The fundamental issue in your code is that you cannot use Julia’s multidimensional arrays machinery for this problem because you do not know the number of dimensions at compile time. Instead, you have to reinvent the wheel to some extent and write a multidimensional arrays code which can deal with a number of dimensions specified only at runtime. Here’s my stab at this. It definitely lose out to @lmiq in terms of output prettiness, but the implementation of the factor product should be decent. There’s still some room for improvement, but I’d say we can get into that at a later point.
using LinearAlgebra
using SparseArrays
# Like CartesianIndices, but with number of dimensions specified at runtime
struct RuntimeCartesianIndices{T <: AbstractVector{<:Integer}}
dims::T
end
Base.IteratorSize(::Type{RuntimeCartesianIndices}) = Base.HasLength()
Base.IteratorEltype(::Type{RuntimeCartesianIndices}) = Base.HasEltype()

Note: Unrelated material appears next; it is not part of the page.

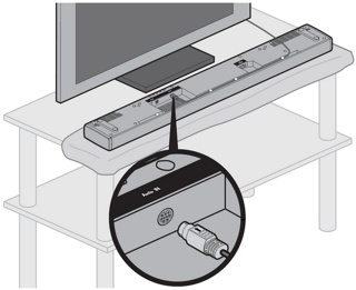 将音频输入线插入扬声器阵列上标有 Audio In(音频输入)的接口中。确保插头上有箭头的平面朝上

Base.eltype(::Type{RuntimeCartesianIndices}) = Vector{Int}
Base.length(I::RuntimeCartesianIndices) = prod(I.dims)
function Base.iterate(I::RuntimeCartesianIndices)
if mapreduce(iszero, |, I.dims)
return nothing
end
i = ones(Int,length(I.dims))
return i,i
end
function Base.iterate(I::RuntimeCartesianIndices, i)
for k = 1:length(I.dims)
if i[k] < I.dims[k]
i[k] += 1
return i,i
end
i[k] = 1
end
return nothing
end
struct Factor{T}
vars::Vector{Any}
dims::Vector{Int}
vals::Vector{T}
end
Base.eltype(::Type{Factor{T}}) where {T} = T
function factor_product(a::Factor, b::Factor)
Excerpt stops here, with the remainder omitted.